N'attendez pas d'être à la mort pour donner ; car un mourant donne à vrai dire le bien d'autrui. Francis Bacon
Histoire des attachements
Peut-être que sans
la perspective de la mort nous n'achèverions pas ce que
nous avons commencé de faire J. Ziegler
La béatitude tue
la mort parce qu'elle tue l'ego.
L'homme se distingue de l'animal
par bien des aspects, entres autres par son attachement aux
choses matérielles. Nos multiples ATTACHEMENTS découlent
de l'INSTINCT DE VIE.
Cet attachement appartient à une sorte de globalité EGOCENTRIQUE héritée de
l’égocentrisme primate. L'
égocentrisme est une force de VIE, une résistance à la MORT et un des grands moteurs du principe vivant. C'est cet égocentrisme, qui nous attache à celui que nous pensons être (à l'égo) et aux choses dont nous disons qu'elles nous appartiennent.
L’attachement aux choses semble évoluer en fonction de la complexification du vivant.
a / Les espèces primitives
Pour les espèces primitives - poissons, amphibiens ou reptiles – par exemple, la POSSESSION semble se limiter à l'instinct de vie, à la défense de la proie et à la reproduction.
En dehors de ces 3 pôles assurant leur pérennité, ces espèces simples, semblent ne s'attacher à rien d'autre.

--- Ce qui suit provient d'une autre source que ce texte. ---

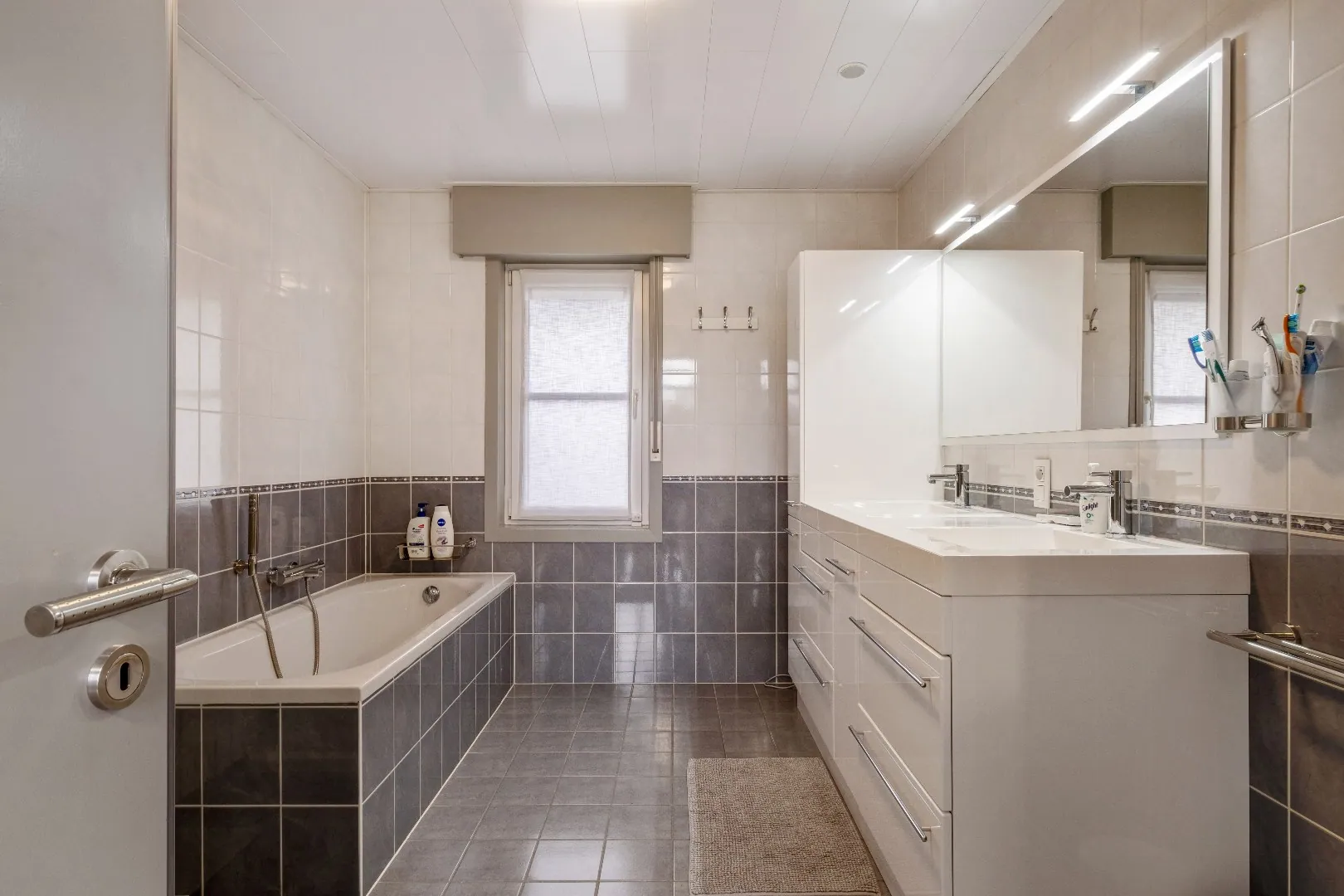 ✅ Badkamer met douche, ligbad, dubbele wastafel met meubel & spiegel

b / Les mammifères supérieurs
Chez les mammifères supérieurs par contre, l'attachement parait beaucoup plus sophistiqué. Lions, gazelles, vaches ou dauphins par exemple, sont attachés comme les reptiles à l'instinct de VIE et de REPRODUCTION, dans lesquels l'individu puise sa motivation d'agir et sa résistance à la mort, mais il y a également des attachements SENSIBLES AMICAUX FAMILIAUX GREGAIRES ... Et la plupart des mammifères peuvent tisser des liens affectifs, entre membre de différentes espèces.
c / L'homme
Chez l’homme enfin,
à tous ces attachements, s’ajoutent des ATTACHEMENTS MATERIELS (attachements aux biens) et des ATTACHEMENTS SUPERIEURS (artistiques, transcendantaux, idéaux, moraux). Le désir d’achever
son OEUVRE peut constituer pour l'ARTISTE, par exemple, un
instrument de résistance
à la mort.
Curieusement, même si le nombre des attachements a considérablement augmenté dans l'humanité, la gestion de l'attachement principal, c'est-à-dire l'attachement à la vie, est de mieux en mieux géré par notre espèce (nous savons tous que nous mourrons un jour, mais nous le gérons tous plus ou moins bien) ...

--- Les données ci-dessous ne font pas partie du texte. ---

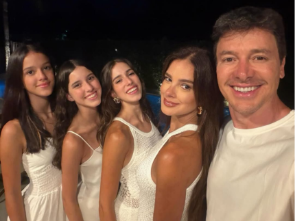 Vera Viel, esposa de Rodrigo Faro, compartilhou fotos do Ano Novo em família e um detalhe chamou atenção: a semelhança com as filhas. Nos registros, o casal aparece ao lado de Clara, Maria e Helena curtindo o réveillon em uma casa de praia luxuosa. Nos comentários das publicações, internautas disseram que as adolescentes parecem irmãs da apresentadora e influenciadora.

Évolution de la relation à la mort
De l'animal à l'homme, de l'instinct
à la conscience Entre
le primate de nos origines et l'homme contemporain, le
rapport à la mort a subi une lente et profonde métamorphose.
Un fossé s'est creusé entre l'animal réagissant instinctivement à la menace de mort par l'agression ou la fuite et qu'aucune raison ne peut apaiser, jusqu'au sage Socrate acceptant le suicide
pour préserver les lois de la cité. De la réaction à l'action un monde s'est
constitué, la famille humaine est née.
Seulement Socrate n'est
pas représentatif de l'humanité. Il présage
plutôt l’HUMAIN à venir.
L'homme constructeur, s'il n'est plus tout à fait instinctif
face à sa mort, redoute malgré tout sa présence. Hormis quelques SAGES accompli, nous sommes soumis négativement à
sa présence.
Nos nouvelles facultés nous
ont permis de prendre conscience de notre finitude. Mais comme
la mort représente encore une puissante angoisse du fait
de nos attachements et des mystères qu’elle recèle,
il est impossible pour la plupart d'entre nous, de se retrouver
en pleine conscience face à elle.
C'est pourquoi, la plus grande partie de sa présence, est
prise en charge par notre inconscient.
L'inconscient sert de tampon entre l'homme et sa conscience, pendant
la longue élaboration de l'humanité. Il résout
la mort à petit feux si l'on peut dire. Il nous la dissimule
quand il faut, nous permet de refuser d'y croire lorsque c'est
nécessaire, et nous l'envoi de temps en temps par quelques éclairs afin de nous habituer progressivement à sa présence.
Sans le travail de L'INCONSCIENT, notre rapport psychique à la mort, n'aurait pu évoluer. Une pleine conscience de notre
disparition aurait été insoutenable pour un EGO humain si consistant.
En effet, si chez l'animal la crainte de la mort est principalement instinctive, chez l'homme conscient, c'est avant tout l'EGO qui refuse de tout perdre. De quitter son état de sujet, de quitter ses sensations,
ses plaisirs, les gens qu'il aime et les objets en sa possession. C'est l'EGO encore, qui, mêlé, à
la conscience et à l'éducation, s'angoisse face aux mystères de
« l'au-delà »
et ses possibles tourments.
C'est pourquoi il semble impossible à l'HOMME COMMUN, de ne pas espérer un « AU-DELA »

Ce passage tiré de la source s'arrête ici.